SESENTA Y SIETE

El animal perseguido por los cazadores experimenta, durante su fuga silenciosa y precavida, innumerables transformaciones que hacen imposible una descripción científicamente aceptable. En efecto, en la primera parte de la fuga se parece a la zorra, tiene el pelo rojizo, pero un hocico más largo que el habitual en las zorras o en otros felinos; tiene una cola larga e inquieta, y moviéndola borra sus huellas; rara vez, sin embargo, los perros se dejan engañar por esta fácil astucia, por lo que la fiera comienza a cambiar de forma y color. En ocasiones se pone verde, de modo que puede mezclarse y ocultarse en la espesura de la selva, y tiene ásperos aguijones, que mantienen a distancia a los asaltantes; ha perdido la cola, y corre a grandes saltos, con repentinos cambios de dirección. Puede suceder que los cazadores intenten herirla, mientras mantiene esa forma, lanzándole piedras con honda; ya que, en tanto que no cambie de aspecto, no pueden hacerlo de otra manera.

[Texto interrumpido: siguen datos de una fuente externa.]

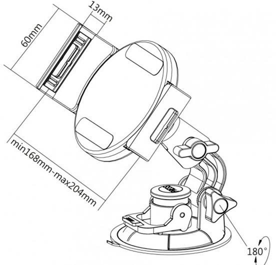 Držiak na čelné sklo pre 7-11" tablety v horizontálnej a vertikálnej polohe. Sklenený prísavný adaptér s guľovou hlavou na voľné nastavenie, otočný o 360°, obojstranné upevnenie, plast, biely...

Las piedras rara vez le hieren: pero sí le molestan, se estiran hasta convertirle en una especie de serpiente alada de color azul, que se desliza lisa y húmeda entre la hierba y la roca; silba, y de su boca sale un tenue vapor: tiene los ojos amarillos. Los cazadores pueden arrojar flechas contra la serpiente alada: pero aunque den en el blanco, no se hunden en la carne, sino que sólo hieren ligeramente la piel, sin sangre. Pese a sus alas, la serpiente no vuela a no ser a ras de tierra; y si algún cazador fuera capaz, con un veloz caballo, de atraparla y asaetearla en la boca, la bestia moriría; pero los caballos tan veloces son escasos y en general asustadizos. Una vez ahí, le resta a la fiera una última mutación; ya alargada, vemos cómo se aplana, igual que algunos peces, hasta el punto de que entre la parte de arriba y la de abajo existe a veces un espesor de pocos centímetros. Una vez así, es un animal vasto, casi una ancha luna delgada; fácil blanco, y el cazador puede disparar con el fusil, sin errarla; pero su materia es tan escasa, que las balas la atraviesan sin que nunca, o casi nunca, la hieran. Pero poco tiempo le queda al cazador: en efecto, inmediatamente el monstruo, sin darse la vuelta, cambia el atrás y el delante, y perros y caballos y cazadores se encuentran delante de una enorme boca dentada, que taciturna, abierta de par en par, les afronta, les descuartiza, les desgarra y les devora.